Frankie Knuckles (born January 18, 1955 in New York City and died March 31, 2014 in Chicago) was a DJ, producer and remix artist. He has earned the appellation "The Godfather of House."
While studying Textile Design at FIT in Manhattan, Knuckles began working as a DJ. He played soul, disco and R&B at The Continental Baths (1968) with fellow-DJ Larry Levan. Shortly after this, he began to gain notoriety and played at Better Days. When the Warehouse opened in Chicago in 1977 he was invited to play on a regular basis. He continued DJing there until 1982, at which point he started his own club, The Power Plant.
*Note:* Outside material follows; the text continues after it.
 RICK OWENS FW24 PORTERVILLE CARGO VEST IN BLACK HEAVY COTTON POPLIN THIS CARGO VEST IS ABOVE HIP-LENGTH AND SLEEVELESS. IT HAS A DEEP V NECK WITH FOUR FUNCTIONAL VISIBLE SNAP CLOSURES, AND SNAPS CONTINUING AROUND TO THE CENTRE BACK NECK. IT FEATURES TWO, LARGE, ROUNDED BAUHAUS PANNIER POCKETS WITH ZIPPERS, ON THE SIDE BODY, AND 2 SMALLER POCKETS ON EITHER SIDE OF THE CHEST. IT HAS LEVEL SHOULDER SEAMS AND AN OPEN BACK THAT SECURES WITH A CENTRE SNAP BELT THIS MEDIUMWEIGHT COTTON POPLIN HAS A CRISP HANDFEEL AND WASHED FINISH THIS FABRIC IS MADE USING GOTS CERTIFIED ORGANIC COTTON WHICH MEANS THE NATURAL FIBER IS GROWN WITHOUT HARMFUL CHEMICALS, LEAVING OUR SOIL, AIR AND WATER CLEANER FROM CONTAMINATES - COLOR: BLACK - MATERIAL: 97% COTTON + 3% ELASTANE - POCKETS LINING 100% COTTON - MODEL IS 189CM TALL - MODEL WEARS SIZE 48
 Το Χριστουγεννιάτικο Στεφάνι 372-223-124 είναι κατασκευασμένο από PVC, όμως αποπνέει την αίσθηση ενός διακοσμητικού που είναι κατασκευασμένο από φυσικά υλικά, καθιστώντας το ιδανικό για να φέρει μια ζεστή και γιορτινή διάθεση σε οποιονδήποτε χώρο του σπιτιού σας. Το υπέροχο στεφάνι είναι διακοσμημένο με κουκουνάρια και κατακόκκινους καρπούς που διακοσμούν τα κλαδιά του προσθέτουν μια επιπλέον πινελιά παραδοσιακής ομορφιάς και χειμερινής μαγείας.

When business difficulties caused it to fold, he moved back to NYC, and was the featured resident DJ at The World, and also had numerous subsequent residencies, including The Choice.
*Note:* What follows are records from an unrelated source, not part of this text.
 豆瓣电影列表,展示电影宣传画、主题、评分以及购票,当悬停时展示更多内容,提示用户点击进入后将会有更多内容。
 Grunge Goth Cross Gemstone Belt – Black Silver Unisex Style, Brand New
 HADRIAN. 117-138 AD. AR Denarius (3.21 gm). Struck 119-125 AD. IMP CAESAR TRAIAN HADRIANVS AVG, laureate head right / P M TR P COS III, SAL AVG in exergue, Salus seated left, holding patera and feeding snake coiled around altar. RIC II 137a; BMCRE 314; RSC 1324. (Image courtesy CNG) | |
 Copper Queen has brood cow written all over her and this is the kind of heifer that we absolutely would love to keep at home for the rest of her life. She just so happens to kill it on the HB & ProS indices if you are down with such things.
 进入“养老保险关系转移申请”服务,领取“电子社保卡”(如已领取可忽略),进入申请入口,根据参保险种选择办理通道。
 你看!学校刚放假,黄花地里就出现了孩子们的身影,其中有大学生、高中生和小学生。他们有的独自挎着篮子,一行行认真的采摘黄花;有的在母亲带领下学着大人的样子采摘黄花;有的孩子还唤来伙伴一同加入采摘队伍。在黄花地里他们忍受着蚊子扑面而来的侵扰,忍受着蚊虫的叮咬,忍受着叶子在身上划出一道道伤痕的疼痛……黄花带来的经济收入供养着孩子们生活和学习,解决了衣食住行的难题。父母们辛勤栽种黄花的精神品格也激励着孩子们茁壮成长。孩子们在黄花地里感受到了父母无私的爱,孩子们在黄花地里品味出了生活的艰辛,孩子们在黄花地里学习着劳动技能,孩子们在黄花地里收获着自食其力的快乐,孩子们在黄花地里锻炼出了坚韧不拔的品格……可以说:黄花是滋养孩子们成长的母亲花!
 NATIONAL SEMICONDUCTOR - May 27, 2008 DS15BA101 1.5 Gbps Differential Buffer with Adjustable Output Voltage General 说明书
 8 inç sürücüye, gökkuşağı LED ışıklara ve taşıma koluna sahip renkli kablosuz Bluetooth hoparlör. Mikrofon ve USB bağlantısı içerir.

It was around this time that he began to immerse himself in producing, remixing and recording. His career really took off as a result. His earliest remixes include First Choice's "Let No Man Put Asunder" and Jago's "I'm Going To Go". As house music gained momentum, pioneering producer Chip E. took Frankie under his tutelage and produced Frankie's first recording, "You Can't Hide", featuring vocalist Ricky Dillard. Then came more production work, including Jamie Principle's "Baby Wants to Ride", and later, "Tears (feat. Robert Owens)" with Satoshi Tomiie.
Knuckles did a number of popular Def Classic Mixes with John Poppo as sound engineer. Knuckles partnered with David Morales on Def Mix Productions. With several important original productions and remixes to his name, by the early 1990s, Knuckles was becoming a well-known name in the increasingly popular house music genre.
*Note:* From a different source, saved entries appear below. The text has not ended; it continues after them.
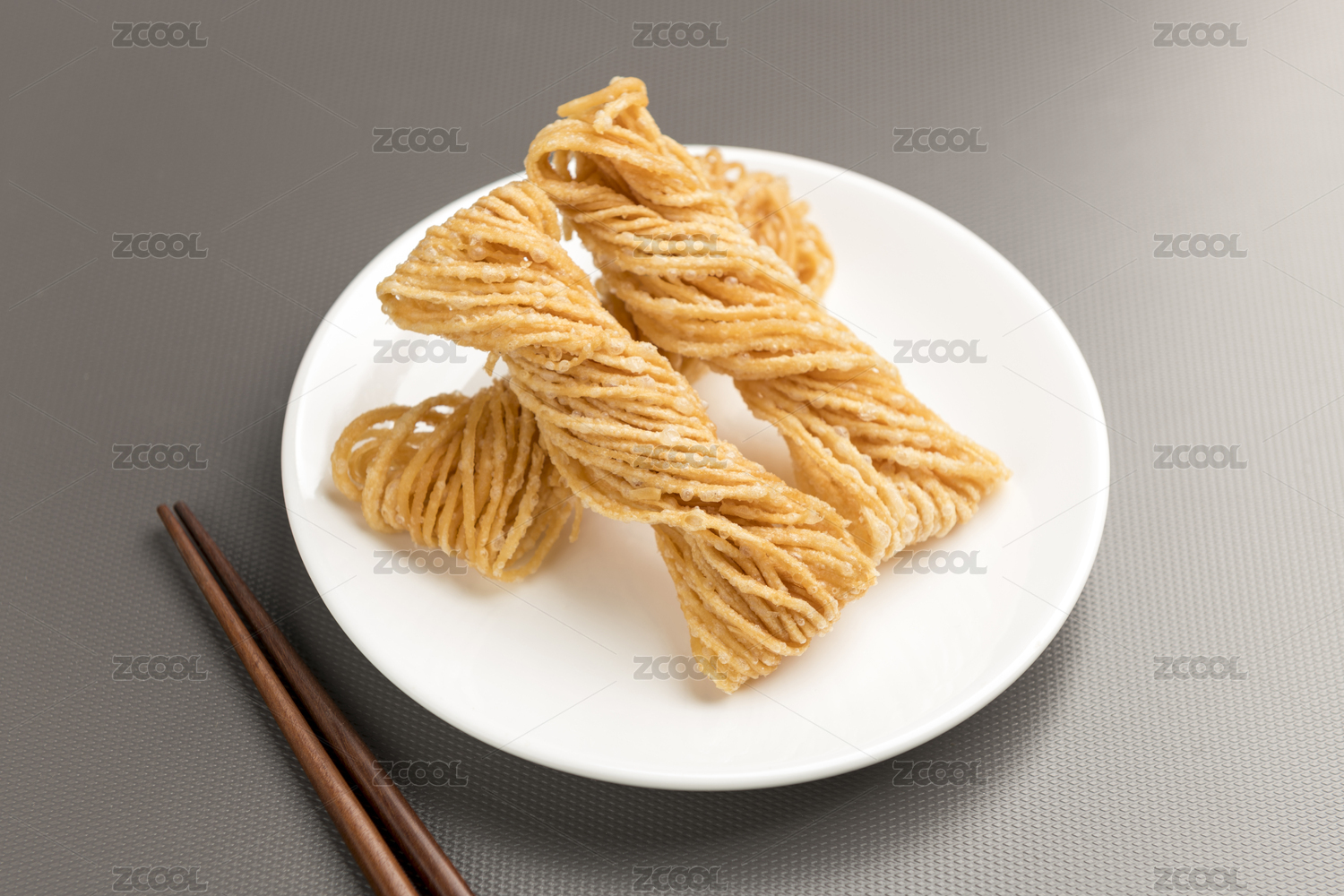 特色小吃一盤油炸馓子擺放在桌面上特寫
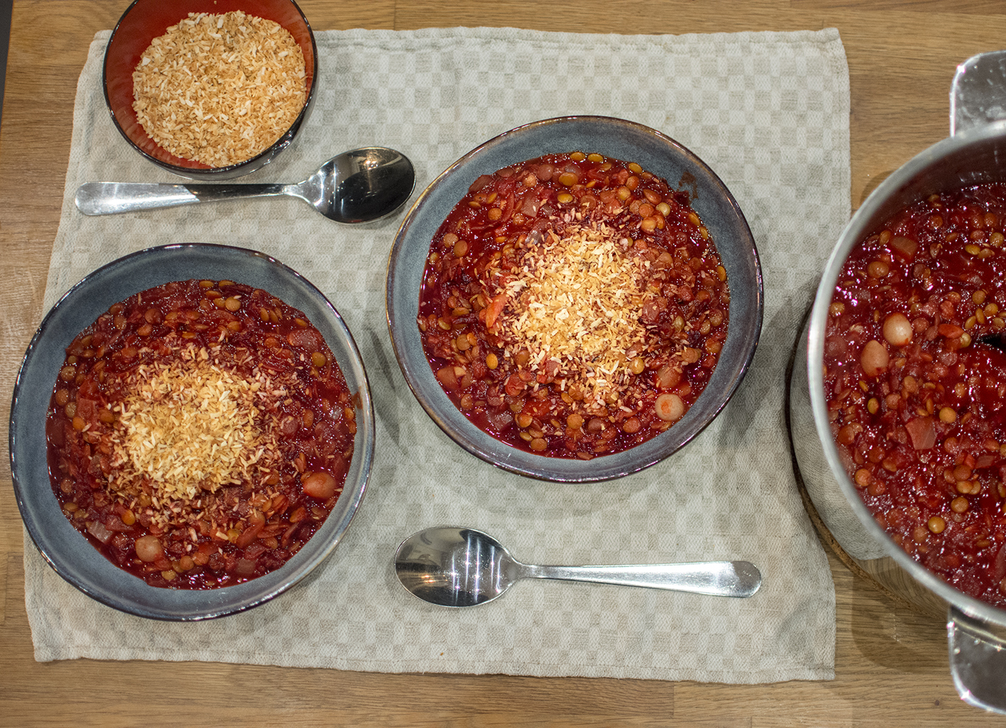 Jag gör ofta olika slags linsgrytor, men använder sällan gröna linser. Nu var det dags! De är ju faktiskt lite mer matiga och ger större tuggmotstånd än röda, så det passade fint i den här rustika vintergrytan, som fick en härligt djupt röd färg av rödbeta.
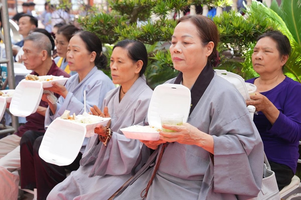 Vào buổi trưa, trên 3000 Phật tử nhận các suất cơm chay trên tay, yên lặng tĩnh tâm hướng về Hòa thượng Ân sư Thích Bảo Nghiêm và chư Tôn đức Tăng trong thời khóa cúng Ngọ và dùng cơm chay ấm áp tình thầy trò trong chính niệm.

In 1991, Knuckles' debut album Beyond the Mix, released on Virgin Records, contained "The Whistle Song". The Def Classic Mix of "Change" by Lisa Stansfield done around this period also featured the whistle like motif. Another track from the album, "Rain Falls" featured vocals from Lisa Michaelis. Key remixes from this time include his rework of the Electribe 101 anthem "Talking With Myself" and "Where Love Lives" by Alison Limerick. 8,000 copies of the album had sold by 2004.
When Junior Vasquez took a sabbatical from Manhattan's The Sound Factory, he took over and launched a successful run as resident DJ until Vasquez made his return, at which point Knuckles became the resident DJ at The Sound Factory Bar. Knuckles remained part of the underground scene. Knuckles won the 1997 Grammy Award for Remixer of the Year, Non-Classical.
Knuckles continued to work as a remixer through the 1990s and into the next decade, reworking tracks from Michael Jackson, Luther Vandross, Diana Ross, Eternal and Toni Braxton. He released several new singles, including "Keep on Movin'" and a re-issue of an earlier hit "Bac N Da Day" with Definity Records. In 1995, he released his second album titled Welcome to the Real World. By 2004, 13,000 copies had sold.
In 2004, he released a thirteen track album of original material - his first in over a decade, entitled A New Reality, which was critically well received. In October 2004 "Your Love" appeared in the videogame Grand Theft Auto: San Andreas, playing on house music radio station, SF-UR. On 19 September 2005, Knuckles was inducted into the Dance Music Hall of Fame for his outstanding achievement as a DJ.
Knuckles is featured in the 2006 documentary film, The UnUsual Suspects - Once Upon a Time in House Music by Chip E., and the 2005 documentary film, Maestro by Josell Ramos.